The joint probability density function of $V$ can be evaluated by its CDF with the relation:

$$ F_{V_1,V_2}(v_1,v_2) = Pr(U_1<v_1/\beta, \: U_2<v_2/\beta, \: \beta > 0) + Pr(U_1>v_1/\beta, \: U_2>v_2/\beta, \: \beta < 0)\\ f_{V_1,V_2}(v_1,v_2) = \frac{\partial F_{V_1,V_2}(v_1,v_2)}{\partial v_1 \partial v_2}\\ f_{V_1,V_2}(v_1,v_2) = \int_{-\infty}^\infty \frac{f_\beta(\beta)}{\beta^2} f_{U_1} \left( \frac{v_1}{\beta} \right) f_{U_2} \left( \frac{v_2}{\beta} \right) \, d\beta $$

Then, I have a random vector $X$ defined as

$$ X = \left[ \begin{matrix} X_1 \\ X_2 \end{matrix} \right] = V + W = \left[ \begin{matrix} V_1 + W_1 \\ V_2 + W_2 \end{matrix} \right] $$ with known marginals $f_{W_1}(w_1)$ and $f_{W_2}(w_2)$.

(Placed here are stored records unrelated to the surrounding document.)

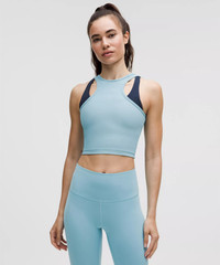 Designed for Training Sweat-Wicking, Ribbed Luxtreme™ Fabric - Sweat-wicking - Ribbed texture - Four-way stretch - Quick-drying - Added Lycra® fibre for stretch and shape retention Tight Fit, Cropped Length - Contours your body - Cut above the waist—perfect with high-rise pants Product Features - Reversible—flip it around front to back to change up the look - Shelfless tank lets you choose the bra that works for you Material and care Materials Body: 72% Nylon28% Lycra Elastane Care Machine Wash Cold - Do Not Bleach - Tumble Dry Low - Do Not Iron - Do Not Dry Clean - Wash With Like Colors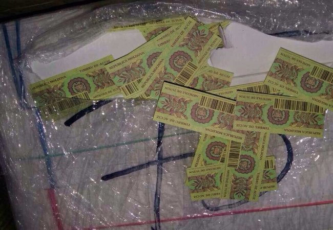 Під час огляду посилки виявили близько 1 млн. 35 тис. марок акцизного податку на тютюнові вироби, а також комплектуючі засоби, за допомогою яких здійснюється їх незаконне виготовлення – пакувальну плівку для цигарок, типографічний матеріал для маркування тютюнових виробів торгівельної марки «LM RED LABEL» та ін.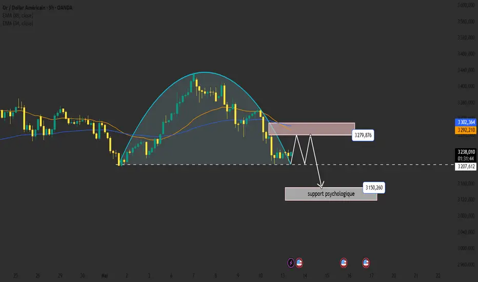 XAUUSD forme un motif clair de « sommet arrondi » sur le graphique 3H, suggérant un risque accru de retournement baissier. La zone des 3.279 constitue actuellement une résistance à court terme – si le prix est rejeté à ce niveau, il pourrait rapidement plonger vers le support psychologique des 3.150, comme illustré sur le graphique.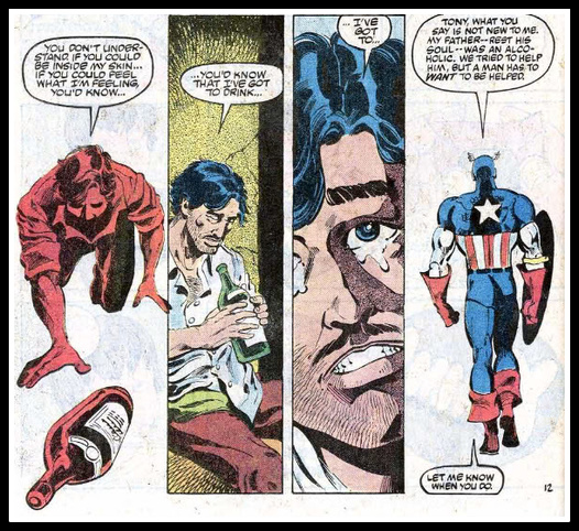 חלק מהסיפורים המפורסמים יותר בתקופת הברונזה משקפים את יחס ההתפכחות של פעם. במקרה של טוני סטארק, ההתפכחות הייתה מילולית."השד בבקבוק" מ1979 מגולל עלילה בה איש הברזל, טוני סטארק, נאבק באלכוהוליזם שלו וסופג ביקורת מחבריו הגיבורים (קפטן אמריקה כמובן)

How can I evaluate the joint probability density function of the vector $X$?

I have tried to use the same CDF approach adopted above, obtaining the following expression

$$ f_{X_1,X_2}(x_1,x_2) = \int_{-\infty}^{\infty}f_{W_1}(\tau)f_{V_1}(x_1-\tau) \, d\tau \int_{-\infty}^{\infty}f_{W_2}(\nu)f_{V_2}(x_2-\nu) \, d\nu $$

But I think that it is true only if $V_1$ and $V_2$ are independent. And then, if they share the same $\beta$ r.v. on its structure, they are dependent variables. Am I right?

Edit: $U_1$, $U_2$, $\beta$, $W_1$ and $W_2$ are independent random variables.